В 1938 году в одной камере на Лубянке сидело шесть «врагов народа». Один из них, работник Северо-Кавказского крайкома партии Павленко (назовем его так), был из тех счастливчиков, кто уцелел после заседания Военной коллегии Верхсуда. Павленко только что привезли из лагеря в Москву, и он удостоился чести быть допрошенным самим Берия. Из камеры его вызвали в 10 утра — время для допросов и пыток неурочное: утром и днем вызывали только стукачей. Павленко вернулся вечером. Оказывается, недавно в Ленинграде застрелился бывший начальник управления НКВД М.И. Литвин. Он оставил записку: «Не могу больше участвовать в уничтожении честных людей и фабрикации ложных дел». Содержание предсмертной записки Литвина стало многим известно, и Берия решил во что бы то ни стало разоблачить погибшего, как замаскированного врага.
Павленко знал Литвина лично, бывший заместитель Ежова приезжал с инспекцией в Ростов-на-Дону.
…Берия сидел в кабинете (свидание назначено было в Лефортовской тюрьме) и держал в руке стальную пружину с деревянной рукояткой. Ввели Павленко, посадили в отдалении на стул. Берия потребовал от арестованного показаний против Литвина — будто тот принудил Павленко отказаться на заседании Военной коллегии от ранее данных показаний и будто Литвин преследовал при этом определенную цель — дискредитировать Органы. Но у Павленко не было встреч с Литвиным во время следствия… Берия, угрожающе играя пружиной, предложил Павленко вспомнить разговор с Литвиным. Ему так хотелось доложить Хозяину, что Литвин застрелился из боязни разоблачения.

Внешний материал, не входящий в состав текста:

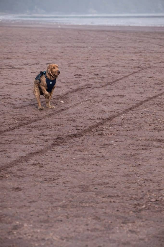 Teddy walking along the shore.

Узнав о самоубийстве Литвина, член ПБ Анастас Микоян обронил фразу: «Хоть один честный человек в этой банде нашелся».
Всего за год до этого, на праздновании 20-летия Органов, Микоян восхищался славной работой НКВД и призывал «… учиться у товарища Ежова сталинскому стилю работы, а он учился и учится у товарища Сталина»[163]
.Он был не один таким, Микоян. Под знаком Януса жили, работали все.
Артур Христианович Артузов занимал пост начальника контрразведывательного отдела (КРО) еще при Дзержинском. Тихий, скромный, он не надевал никогда знаков различия и походил на доброго сельского учителя. «Артузов великолепный работник. Верю ему, как самому себе», — так отозвался о нем Феликс Дзержинский.
В тридцать седьмом году, на заседании актива НКВД, Артузов с горечью говорил о фельдфебельском стиле руководства, установившемся после смерти Менжинского. Артур Христианович вспомнил предостережение Дзержинского:
«Бойтесь превратиться в простых техников аппарата внутреннего производства со всеми чиновными его недостатками, ставящими нас на одну доску с презренными охранками капиталистов»[164]
.Сталин перешагнул через Артузова с той же легкостью, с какой до этого перешагнул через Дзержинского, Менжинского, через тех чекистов старой школы, которые пытались в годы кровавого террора хоть какие-то приличия соблюсти.
Страна приближалась к пику строительства социализма. До приличий ли тут?..
Может быть читатель не забыл прокурора Ленинградской области Пальгова, занимавшего этот пост при Кирове. Как обошла его коса — вопрос особый. Сейчас нас интересует другое. В январе 1939 года, провожая в Москву одного коммуниста, не поддавшегося провокациям Органов, он предостерег его:
«Ни в коем случае не ходите в вагон-ресторан. Эта банда может выбросить вас на ходу из поезда».
Все знали, что НКВД — банда убийц. Все молчали. Все помогали.
До Сталина доходили сведения об отдельных случаях протеста, но в целом процесс перерождения работников НКВД, суда и прокуратуры совершался успешно. Пришлось, правда, расстрелять несколько десятков видных чекистов школы Дзержинского, старых заслуженных членов партии. Список этих жертв известен. Но этого мало. Хозяин, если он настоящий хозяин, должен время от времени обновлять батраков. Чем меньше свидетелей, тем лучше. А новые всякий раз будут послушней, боязливей.
В 1826 году турецкий султан Махмуд II истребил десятки тысяч янычар, бывших христиан, воспитанных в магометанстве. Они безотказно служили ему, первыми кидались на врагов Ислама, но султан их вырезал.
Лубянские янычары, приняв сталинскую веру, вырезали соотечественников целыми семьями. Кремлевский султан им никогда до конца не доверял и тоже истреблял их тысячами. Однако эти периодически повторяющиеся профилактические чистки не должны были отражаться на выполнении и перевыполнении производственных заданий.